Driving through rural America, if you’ve seen large grain storage facilities, you have also seen the products of Sweet Manufacturing Company of Springfield, Ohio. Sweet doesn’t make the grain bins; they make the bucket elevators and drag or belt conveyors that fill the bins. Sweet’s reputation for quality and innovation makes them a leader in bulk material handling equipment for agricultural products and industrial products, like aggregates. Sweet equipment is so popular it’s found in over 50 countries.
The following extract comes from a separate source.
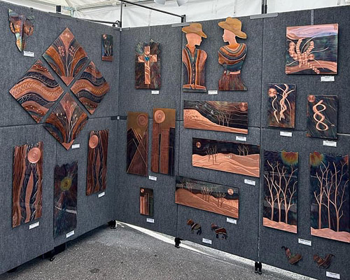Copper changes color with heat. Steve and Calisse Browne use an open flame

“Our export business is great, but it presents some unique challenges,” explains Alicia Sweet Hupp, President and CEO of Sweet Manufacturing. “The equipment we supply is erected in the field and English is not the first language of most countries we export to. We try to make our assembly instructions and drawings as ‘language agnostic’ as possible. It’s the ‘IKEA’ approach, where parts can be identified and assembly done using pictures more than words. It generally works well.”
Many individual parts, like frame angle, were identifiable by a key measurement (i.e. length), but that didn’t always work – sometimes field assemblers would just guess and grab the wrong part. “We wanted to find a better way to label each unique part, but we found that conventional labeling had several drawbacks,” says Sweet Hupp. “Then, Benjamin Steel asked us to come see their new 3D tube laser, and a ‘better way’ became pretty obvious.”
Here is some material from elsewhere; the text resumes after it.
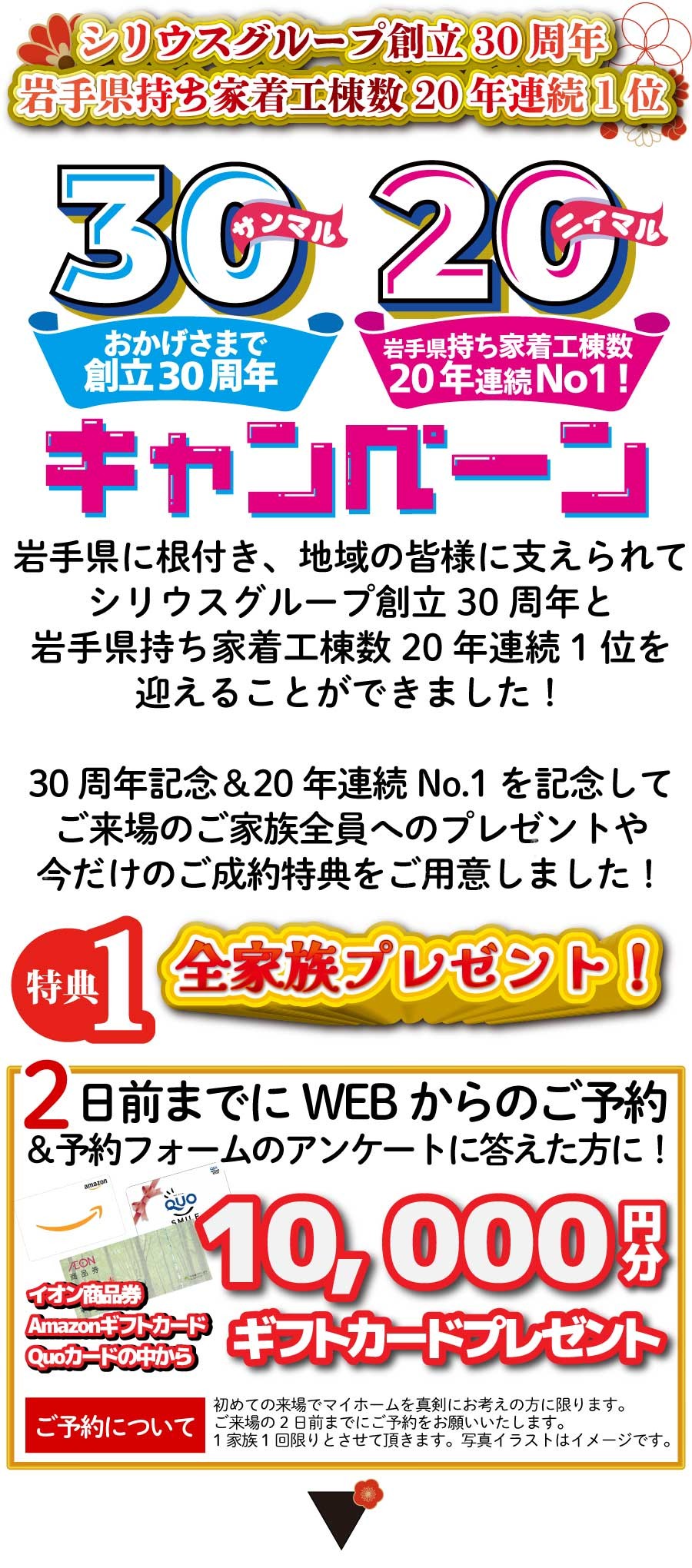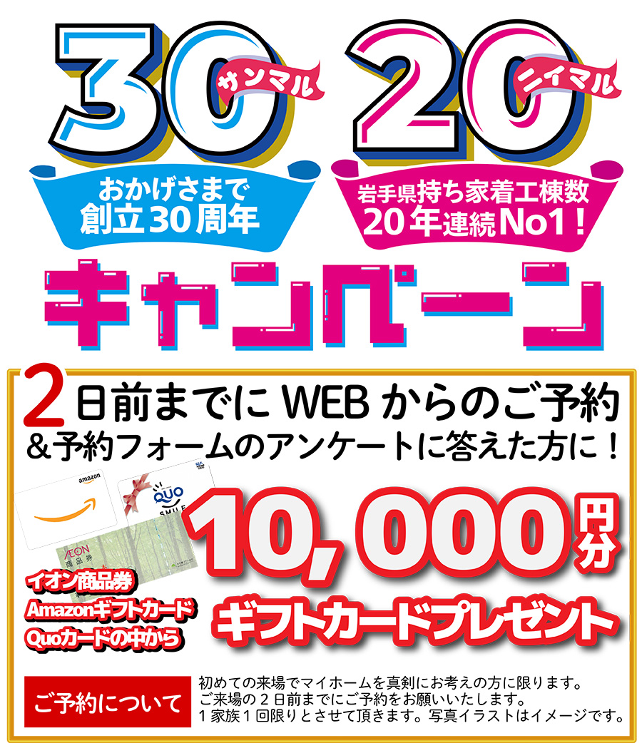 【新築住宅】好評につき第2弾!おかげさまで創立30周年!持ち家着工棟数20年連続1位達成記念キャンペーン【盛岡北店】

While demonstrating the capabilities of the 3D tube laser, the operator etched some alphanumeric characters in a demo tube. “When they saw that, the Sweet visitors got pretty excited and asked if it could etch angle iron,” recalls Tim Halloran, Benjamin Steel’s Production Manager. “We hadn’t tried that, but thought it would work. And it did. We gave Sweet some samples for galvanizing. All of their equipment lives outdoors, so it must be galvanized. They were concerned that the zinc coating would fill the etching and make the part number unreadable. Turned out that wasn’t a problem at all.”

But much of the angle Benjamin Steel processed for Sweet was run on Benjamin’s Ficep Angle Line, where holes and notches were punched and the piece was cut to length. Halloran explains, “Cost-wise it wouldn’t make sense to move that product to our tube laser to etch the part number, but we didn’t have to. Our Ficep line has a Marking Unit where we can mark parts without having to remove them from the machine. So our friends at Sweet now get their part number on nearly all the frame pieces we run for them.”

“We would not have expected our steel supplier to help solve our part identification problem,” says Sweet Hupp. “But honestly, they didn’t know we were having the problem. The lesson is to rely more on your suppliers to develop solutions with and for you. If you have a supplier the caliber of Benjamin Steel, you won’t believe how many problems they can help you solve.”